For journalists who cover Angola, it has been a long rosary of dj vu. For Angolans, an exhausting series of war, peace agreement, demobilisation, lack of war, threats of war, lack of peace – except for the heady, happy 500 days of peace between the Bicesse accord and elections in September 1992. For Angola, as a country, a permanent bleeding and rape of people and resources.
Not only Unita went unreprimanded. It may be argued that it is not UN business what the government does with its money, but the UN spoke little or nothing about Luanda’s weapons build-up, its foreign forays to help Laurent Kabila and Pascal Lissouba in the Congos.

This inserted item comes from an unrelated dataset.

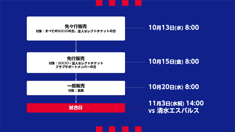 ・购买期间:10月15日(周五) 8:00~比赛当天半场结束前・优惠价格:800日元/1张(正常价格成人4,300日元,U-18 1,300日元)

It seems that Luanda’s role model is Nigeria, the other bully of West Africa; foreign policy based not on moral authority but on an army ready to fight beyond its borders when requested.

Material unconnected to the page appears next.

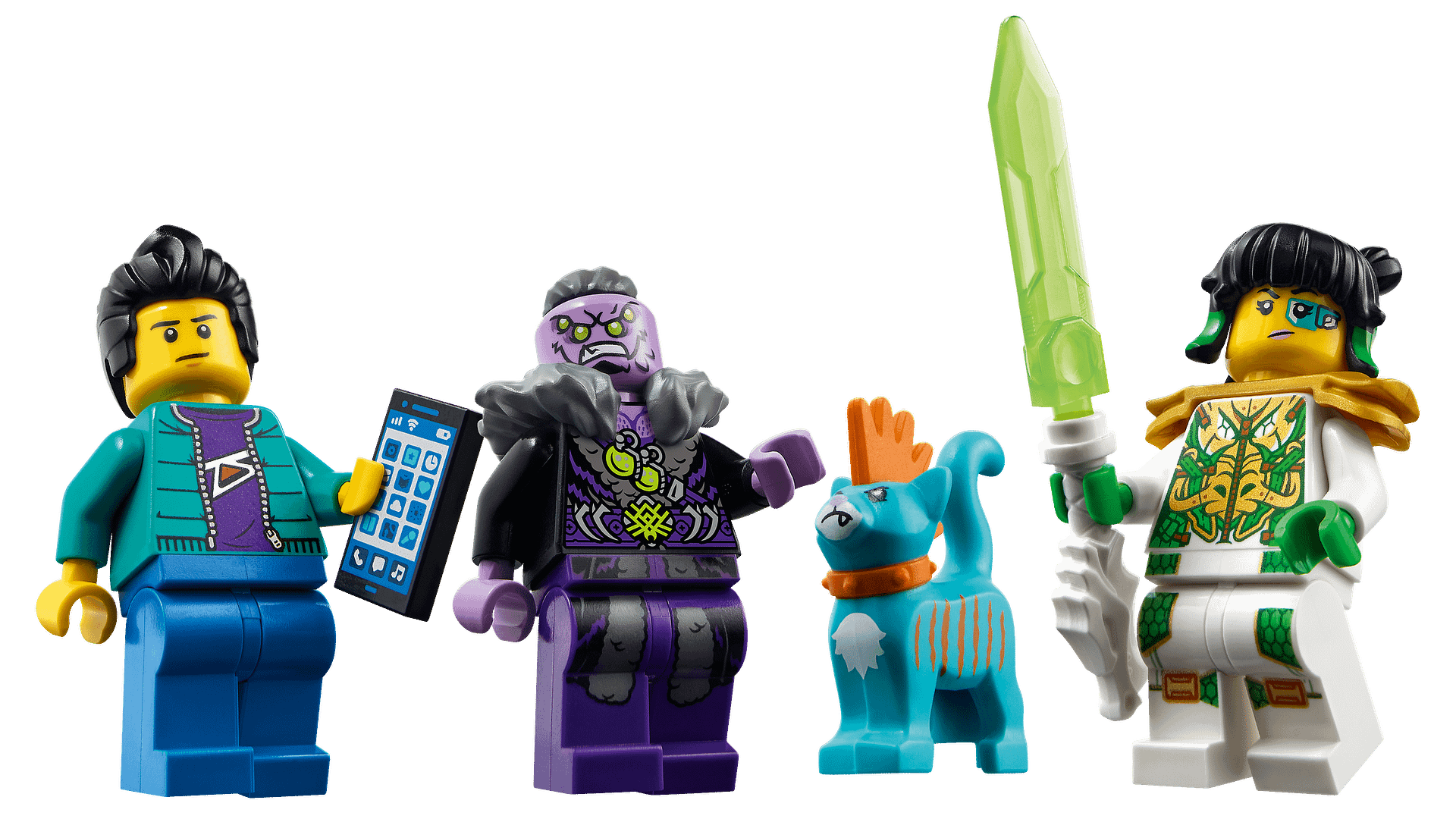 - This LEGO jet plane playset includes 3 minifigures – Mei, Huntsman and Si – with weapons including Meis Jade Dragon Blade, plus a Mo the cat figure with a buildable, stud-shooting hoverboard.

At the height of its operation in Angola, the UN was spending $1-million a day on peace-keeping, plus hundreds of millions in humanitarian aid. When earlier this year the Angolan Minster of Defence said that Angola should start a weapons industry, did the UN protest that Angolans have other pressing needs; or that UN aid is not supposed to save money so governments can spend it on weapons?

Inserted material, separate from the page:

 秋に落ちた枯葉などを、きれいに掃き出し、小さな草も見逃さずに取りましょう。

It was not Beye’s fault. He deeply believed in an African solution to the conflict. It was brilliant of him, although perhaps useless, to bring other African leaders into the process. But, four years after Lusaka, this strategy of accepting delays and saving face has prolonged, not solved, the conflict.
In the end, who benefits from this amorphous condition of neither war nor peace?
Unita’s Jonas Savimbi benefits first, although more and more he looks like a combination of Pol Pot, an international pariah reduced to a bit of jungle (highlands, in Savimbi’s case), and Marlon Brando’s demented Colonel Kurtz in Apocalypse Now. He may still harbour the delusion of going into history as a statesman instead of as a sinister strongman.
The MPLA government has a good excuse to continue building up its army, buying more weapons (recently it struck a deal with Russia, trading diamond concessions for spares for its Soviet military hardware, with some new ones tossed in).
In a war economy, there are plenty of opportunities for high-ranking officials to make juicy deals. And, if there were real peace, the Angolan people might start asking why the diamond and oil revenue is never spent on alleviating their wretched poverty.
The United States, although now a chum of Luanda’s, must be happy to see some restraint to MPLA greed and power.
“We didn’t own Savimbi, we only rented him,” joked once an American ambassador in Luanda. Well, maybe one day they will say the same about the MPLA government.
Who gets screwed? The Angolan people. Their social statistics are a disaster; the human development index, shocking.
None of this is Beye’s fault. Nor the UN’s. But the Angolan mess was not helped by a muddled vision of peacekeeping, peace enforcement and conflict resolution.
Since UN peacekeeping multiplied in the 1990s, the failures have been dramatic: Bosnia, Somalia, Rwanda, Liberia, and countless other mean little wars from Chechenya to Afghanistan to Sierra Leone.
Beye never spoke loud and clear about the dirty background to Angola’s civil war. A judge by profession, he must have believed that reason and justice would prevail, and the fine print of the Lusaka agreement respected.
Sometimes I wonder if Beye’s dogged optimism, that pulled him through so many hard times, allowed him to see that, in the absence of real political will to have peace, not even the most skillful negotiator can succeed. If he did, was that chilling thought in his heart as the plane went down?